### Requirement
Once you reach the line containing "At 1 pm, 16" in the data below, restate each line word for word up to and including the one containing "1 kép PRINTFASHION".

### Exercise materials
:::::

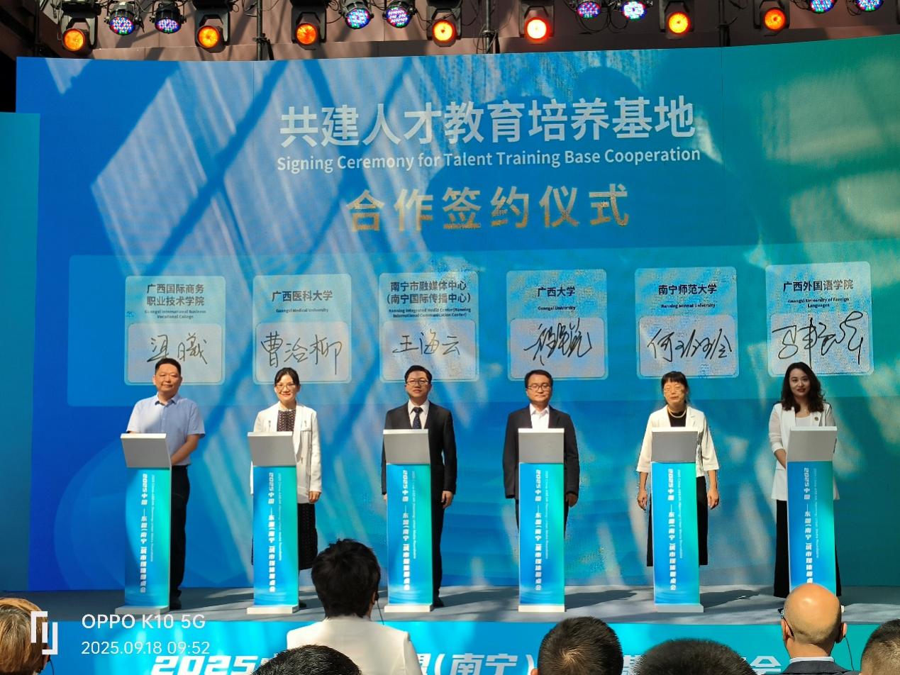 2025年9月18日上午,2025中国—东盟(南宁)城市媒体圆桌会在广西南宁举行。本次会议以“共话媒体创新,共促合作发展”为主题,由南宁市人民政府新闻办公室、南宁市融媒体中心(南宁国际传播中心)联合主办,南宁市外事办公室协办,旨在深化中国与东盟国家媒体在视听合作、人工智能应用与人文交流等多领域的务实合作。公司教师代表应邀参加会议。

:::::

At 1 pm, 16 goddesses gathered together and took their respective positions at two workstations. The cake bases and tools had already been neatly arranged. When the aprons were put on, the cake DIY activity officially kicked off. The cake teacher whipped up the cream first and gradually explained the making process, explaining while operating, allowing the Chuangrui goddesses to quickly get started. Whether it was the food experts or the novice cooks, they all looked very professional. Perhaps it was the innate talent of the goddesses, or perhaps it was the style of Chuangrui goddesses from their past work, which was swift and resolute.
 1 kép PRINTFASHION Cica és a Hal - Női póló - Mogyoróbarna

:::::

### Solution to the exercise
At 1 pm, 16 goddesses gathered together and took their respective positions at two workstations. The cake bases and tools had already been neatly arranged. When the aprons were put on, the cake DIY activity officially kicked off. The cake teacher whipped up the cream first and gradually explained the making process, explaining while operating, allowing the Chuangrui goddesses to quickly get started. Whether it was the food experts or the novice cooks, they all looked very professional. Perhaps it was the innate talent of the goddesses, or perhaps it was the style of Chuangrui goddesses from their past work, which was swift and resolute.
 1 kép PRINTFASHION Cica és a Hal - Női póló - Mogyoróbarna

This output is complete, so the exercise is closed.